Data from the phase 3 ASCERTAIN trial support the European Commission’s approval of oral decitabine and cedazuridine as a treatment for those with newly diagnosed acute myeloid leukemia.
The European Commission has approved oral decitabine and cedazuridine (Inqovi) for treating adult patients with newly diagnosed acute myeloid leukemia (AML) who are unable to receive standard induction chemotherapy, according to a press release from Otsuka Pharmaceutical Europe Ltd. and Astex Pharmaceuticals, Inc.1
Supporting data for the European approval came from the phase 3 ASCERTAIN trial (NCT03306264). In the trial, oral decitabine and cedazuridine demonstrated pharmacokinetic exposure equivalence to intravenous decitabine administered across a standard 5-day schedule, thereby meeting the study’s primary end point. Additionally, the safety profile of the fixed-dose oral combination was comparable with that of intravenous decitabine.

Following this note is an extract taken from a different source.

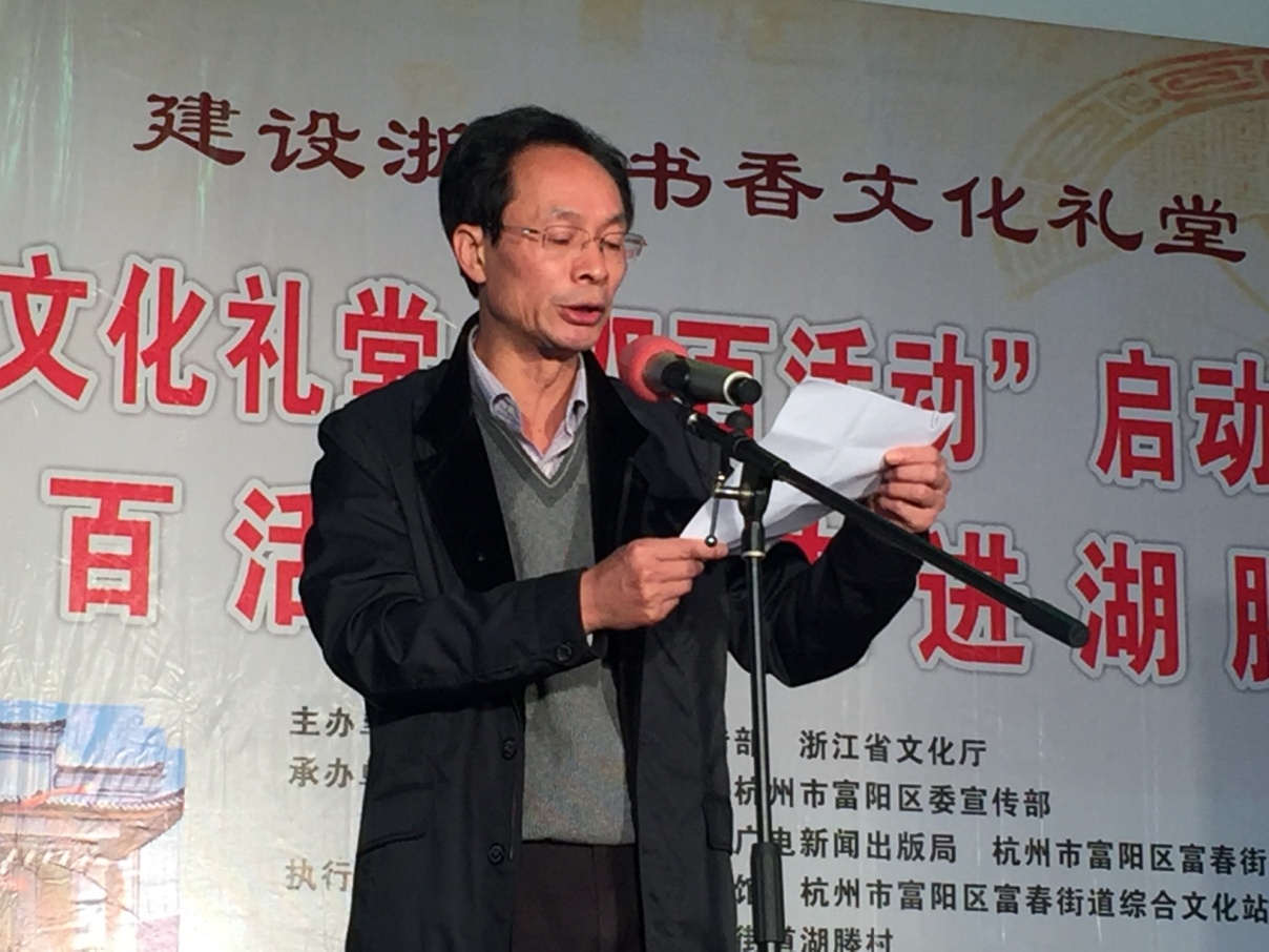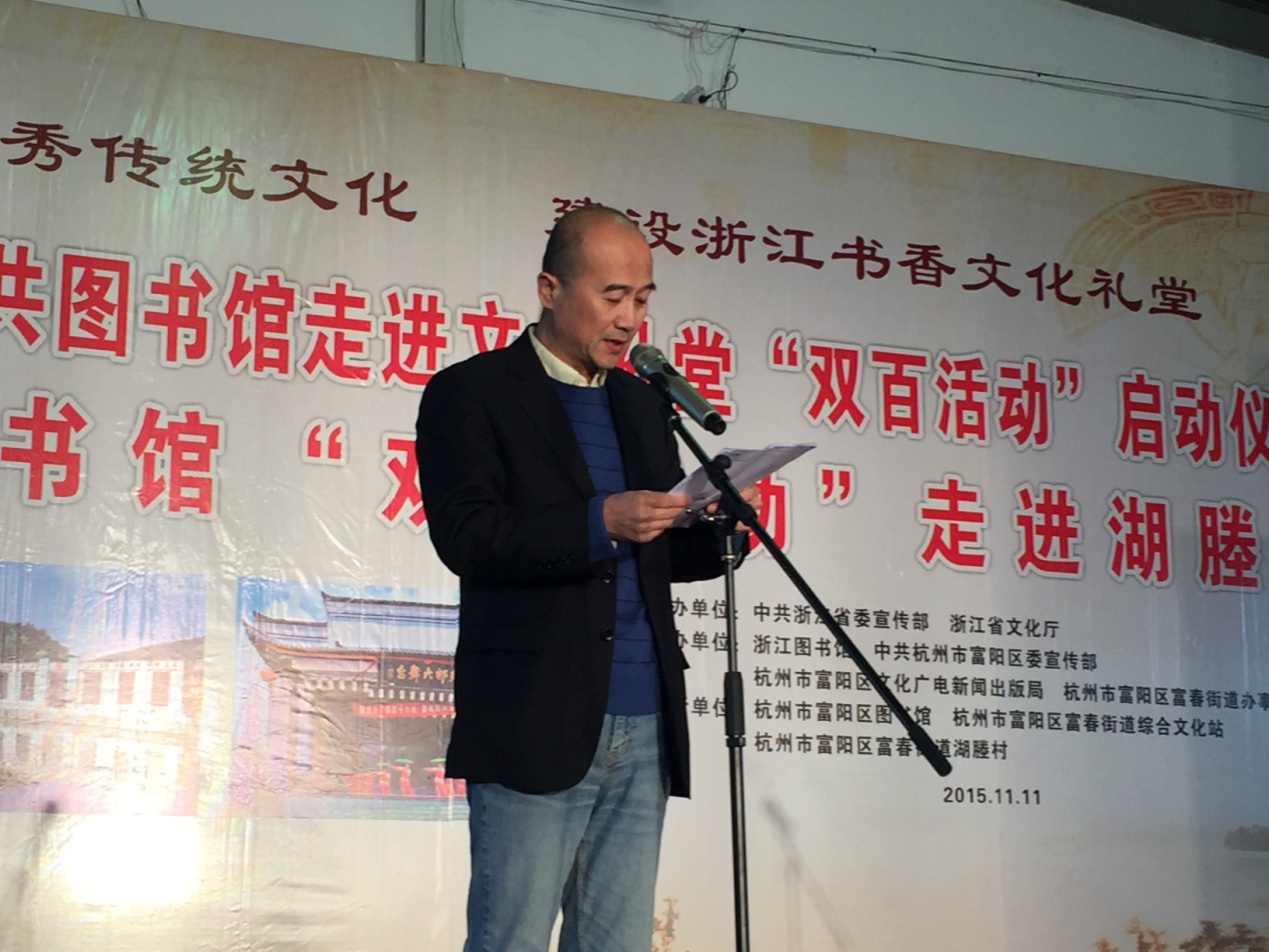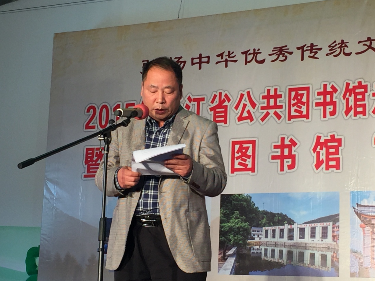 浙江省文化厅副厅长柳河宣布“浙江省公共图书馆走进文化礼堂双百活动”正式启动。

In the open-label phase 3 ASCERTAIN trial, patients with myelodysplastic syndromes (MDS), chronic myelomonocytic leukemia, and AML were randomly assigned to one of 2 treatment arms. In the experimental arm, patients received 100 mg of cedazuridine plus 35 mg of decitabine orally as part of 28-day cycles. In the comparator arm, patients received 20 mg/m2 of intravenous decitabine daily.

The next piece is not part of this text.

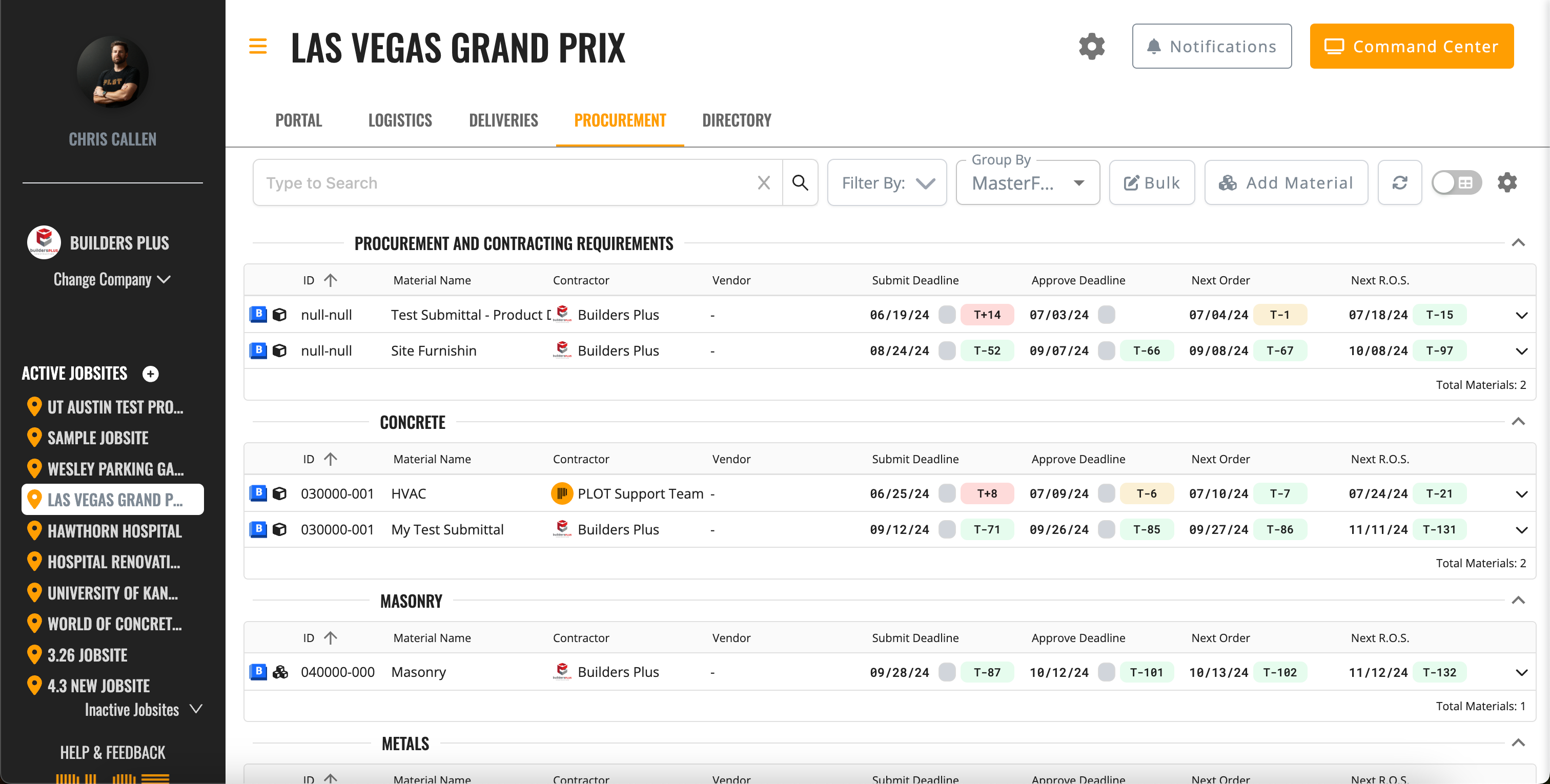 PLOT is a replacement for procurement log spreadsheets, allowing for synchronization between procurement, construction schedule, and submittal management. GCs who employ PLOT as a tool to manage their procurement have better insight into procurement deadlines and spend less time updating their procurement schedule and communicating the schedule to their trade partners.

The European Medicines Agency accepted the marketing authorization application for oral decitabine and cedazuridine in AML not eligible to be treated with induction chemotherapy in August 2022.2
The FDA approved oral decitabine and cedazuridine in adult patients with MDS in July 2020.3 Supporting data for this approval came from the phase 1/2 ASTX727-01-B trial (NCT02103478) and the ASCERTAIN trial.